The album has essential participation of the renowned pianist Tigran Hamasyan, flautist Valeri Tolstov, and trumpet player Tom Duprey. It also features additional performances from Stewart Copeland and actor/musician David Alpay and Vincent Pedulla. Unlike much of Tankian's previous discography, only 4 of the 15 tracks features Serj's vocals ("Distant Thing", "Song of Sand", "Garuna", and "Miso Soup"). All the other tracks are instrumental, except for "End of Time", which features a female vocalist.

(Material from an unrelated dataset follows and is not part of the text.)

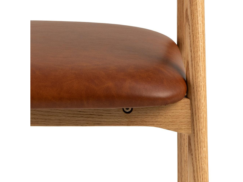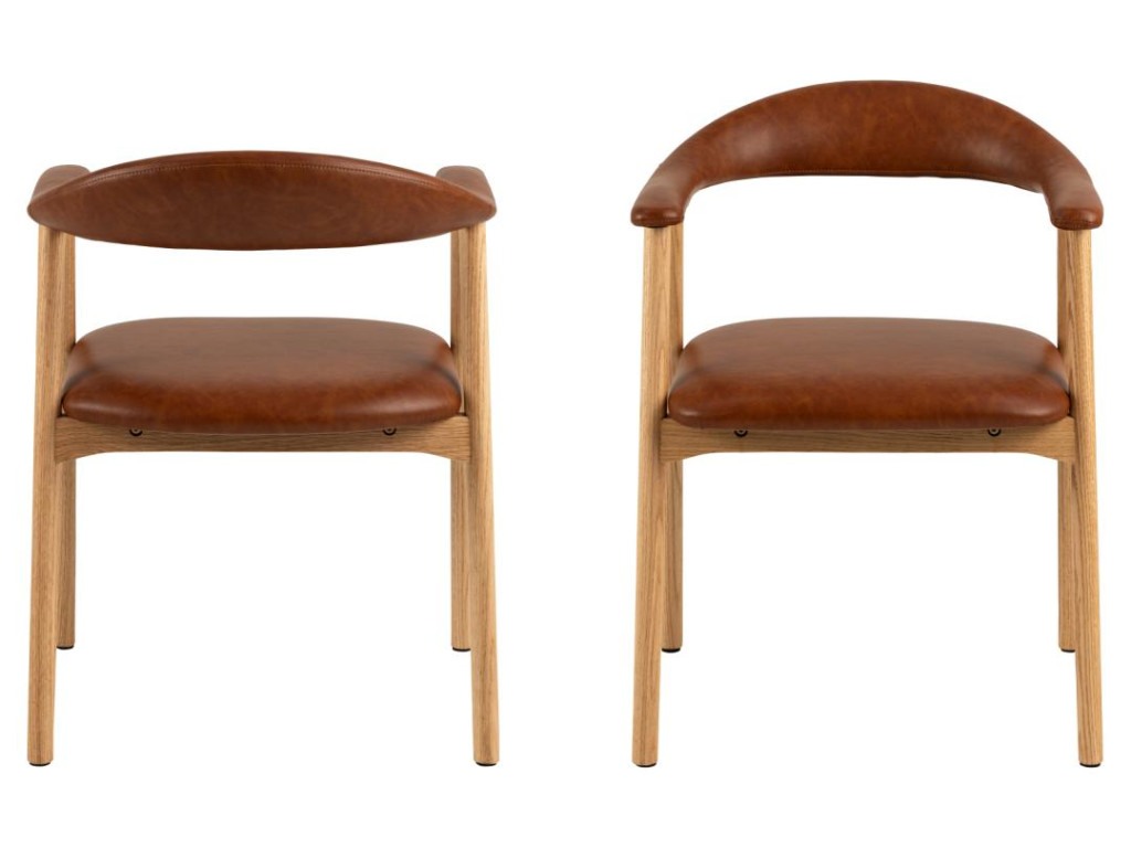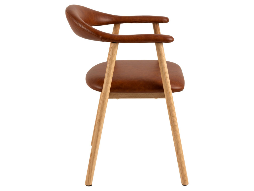 Kreslo Addi kombinuje komfort čalúnenia s teplom prírodného dreva. Brandy odtieň ekokože vyniká svojím luxusným vzhľadom, zatiaľ čo základňa z olejovaného duba dodáva stabilitu. Elegantné detaily ako lakťová opierka a decentný prešiv ho robia skvelou voľbou do štýlových jedální.
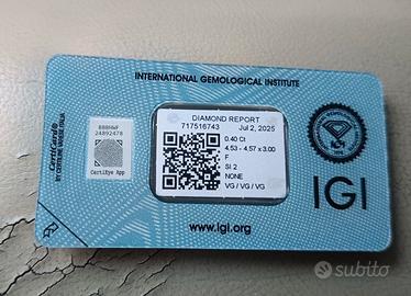 Diamante ben proporzionato, luminoso, con certificato IGI originale.

According to Tankian, Jazz-Iz-Christ is "a combination. There's some classic jazz, dance-y stuff, and progressive things. It's all over the place, but it's jazz instrument-wise. It's for a modern listener who appreciates jazz overtones."

==Track listing==

| No. | Title | Length |
|---|---|---|
| 1. | "Fish Don't Scream" (featuring Tigran Hamasyan, Tom Duprey, Troy Zeigler & Valeri Tolstov) | 3:37 |
| 2. | "End of Time" (featuring Tom Duprey, Troy Zeigler & Valeri Tolstov) | 3:55 |
| 3. | "Honeycharmed" (featuring Troy Zeigler, Tom Duprey & Valeri Tolstov) | 4:20 |
| 4. | "Arpeggio Bust" (featuring Troy Zeigler, Tom Duprey & Valeri Tolstov) | 4:02 |
| 5. | "Yerevan to Paris" (featuring Tigran Hamasyan, Tom Duprey, Valeri Tolstov & Troy Zeigler) | 4:01 |
| 6. | "Scotch in China" (featuring Troy Zeigler, Tom Duprey & Valeri Tolstov) | 2:46 |
| 7. | "Distant Thing" (featuring Tigran Hamasyan, Tom Duprey, Valeri Tolstov, Vincent Pedulla, Robert Simring, Jeff Muzzerole, David Finch & Stewart Copeland) | 3:43 |
| 8. | "Song of Sand" (featuring Tom Duprey, James Merenda, David Alpay & Vincent Pedulla) | 3:04 |
| 9. | "Garuna" (featuring Tigran Hamasyan) | 4:45 |
| 10. | "Balcony Chats" (featuring Valeri Tolstov) | 4:07 |
| 11. | "Jinn" (featuring Troy Zeigler, Tom Duprey, Valeri Tolstov & Stepan Haytayan) | 2:52 |
| 12. | "Waitomo Caves" (featuring Tigran Hamasyan, Tom Duprey & Valeri Tolstov) | 2:56 |
| 13. | "Through Nights and Hopes" (featuring Tigran Hamasyan, Tom Duprey, Valeri Tolstov & Mario Caspar) | 5:29 |
| 14. | "Papa Blue" (featuring Troy Zeigler, Tom Duprey, Valeri Tolstov & Jon Del Sesto) | 3:24 |
| 15. | "Miso Soup" (featuring Mario Pagliarulo, Dan Monti, Troy Zeigler, Larry LaLonde, Tom Duprey & Valeri Tolstov) | 3:31 |
| Total length: |  | 56:32 |

== Personnel ==

- Serj Tankian – vocals (on 7–9, 15), bass guitar (on 1–6, 10–12, 14), piano (on 2–3, 6, 14) electric guitar (on 11), acoustic guitar (on 15), sitar (on 3), synth (on 2–5, 12, 15), programming (on 1–6, 10–12, 14, 15), samples (on 1–6, 10–12, 14).
- Tigran Hamasyan – electric piano Rhodes (on 5, 12, 13), keyboards (on 1), piano (on 1, 5, 7, 9, 12, 13), bass synth (on 12, 13).
- Tom Duprey – flugelhorn (on 1, 4, 5, 7, 8, 15), trumpet (on 2–3, 6, 11–15), piccolo trumpet (on 11).
- Valeri Tolstov – flute (on 1–7, 10–15), guitar (on 10), piano (on 10), synth (on 13), programming (on 13), samples (on 13).